Your points hit on validity issues. Where would it fit on the errors of omission/commission scale?

While I agree that there are problems with the paper, I think you are confused about suitability of ROC, PR and how test set class imbalance affects them.

Your first two suggestions combined together are very wrong. If you made the test dataset balanced and then measured PR curve the precision would be way too optimistic as it is directly affected by the class imbalance. ROC curve on the other hand is invariant to the test set imbalance.

You can find interesting this short article I have written about this problem: https://arxiv.org/abs/1812.01388

> * They measure the wrong things that reward the network. Because the dataset is imbalanced you can't use an ROC curve, sensitivity, or specificity. You need to use precision and recall and make a PR curve. This is machine learning and stats 101.
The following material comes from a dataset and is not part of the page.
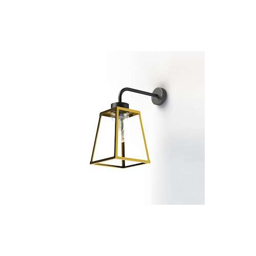 Applique descendante LAMPIOK 1, E27, IP65, classe 2, diffuseur Verre clair. Matière cage : laiton vernis teinté 070. Matière potence : aluminium. Teinte RAL 7021 Gris noir 107

A̶F̶A̶I̶K̶,̶ ̶a̶ ̶R̶O̶C̶ ̶c̶u̶r̶v̶e̶ ̶c̶a̶n̶ ̶b̶e̶ ̶m̶i̶s̶l̶e̶a̶d̶i̶n̶g̶ ̶f̶o̶r̶ ̶a̶n̶ ̶i̶m̶b̶a̶l̶a̶n̶c̶e̶d̶ ̶d̶a̶t̶a̶s̶e̶t̶,̶ ̶b̶u̶t̶ ̶t̶h̶e̶ ̶A̶U̶C̶ ̶i̶s̶ ̶s̶t̶i̶l̶l̶ ̶o̶k̶a̶y̶ ̶f̶o̶r̶ ̶s̶e̶l̶e̶c̶t̶i̶n̶g̶ ̶m̶o̶d̶e̶l̶s̶.̶ Edit: This is incorrect, a PR curve + PR AUC should be used for model selection if imbalanced. I agree it would be really misleading if they (say) just reported accuracy (since the null classifier of always guess negative would give 80% overall accuracy). I̶ ̶t̶h̶o̶u̶g̶h̶t̶ ̶t̶h̶a̶t̶ ̶t̶h̶e̶ ̶A̶U̶C̶ ̶f̶o̶r̶ ̶R̶O̶C̶ ̶c̶u̶r̶v̶e̶ ̶s̶h̶o̶u̶l̶d̶ ̶s̶t̶i̶l̶l̶ ̶b̶e̶ ̶a̶ ̶v̶a̶l̶i̶d̶ ̶m̶e̶a̶s̶u̶r̶e̶ ̶s̶i̶n̶c̶e̶ ̶i̶t̶'̶s̶ ̶s̶h̶o̶w̶i̶n̶g̶ ̶h̶o̶w̶ ̶m̶u̶c̶h̶ ̶b̶e̶t̶t̶e̶r̶ ̶t̶h̶e̶ ̶m̶o̶d̶e̶l̶ ̶p̶e̶r̶f̶o̶r̶m̶s̶ ̶t̶h̶a̶n̶ ̶r̶a̶n̶d̶o̶m̶ ̶g̶u̶e̶s̶s̶i̶n̶g̶.̶

How do you usually handle imbalanced data? I've had some success with SMOTE or weighted loss for imbalanced datasets, but I'm embarrassed to say I've been using AUC with ROC curves as the default - if this gives inferior model selection than AUC with PR curve I'll have to start doing that instead.

Thanks for the comments, this is a great summary. Curious what you'd think of a Kappa score given the imbalance?

https://en.wikipedia.org/wiki/Cohen%27s_kappa

>you can't use an ROC curve, sensitivity, or specificity. You need to use precision and recall and make a PR curve

But sensitivity and recall are the same thing...

There is nothing wrong with using ROC for imbalanced data. It is also perfectly reasonable to use an enriched dataset for a reader study, this is the standard practice.
It's almost as if publishing the thing was more important for the authors than the scientific value of the content.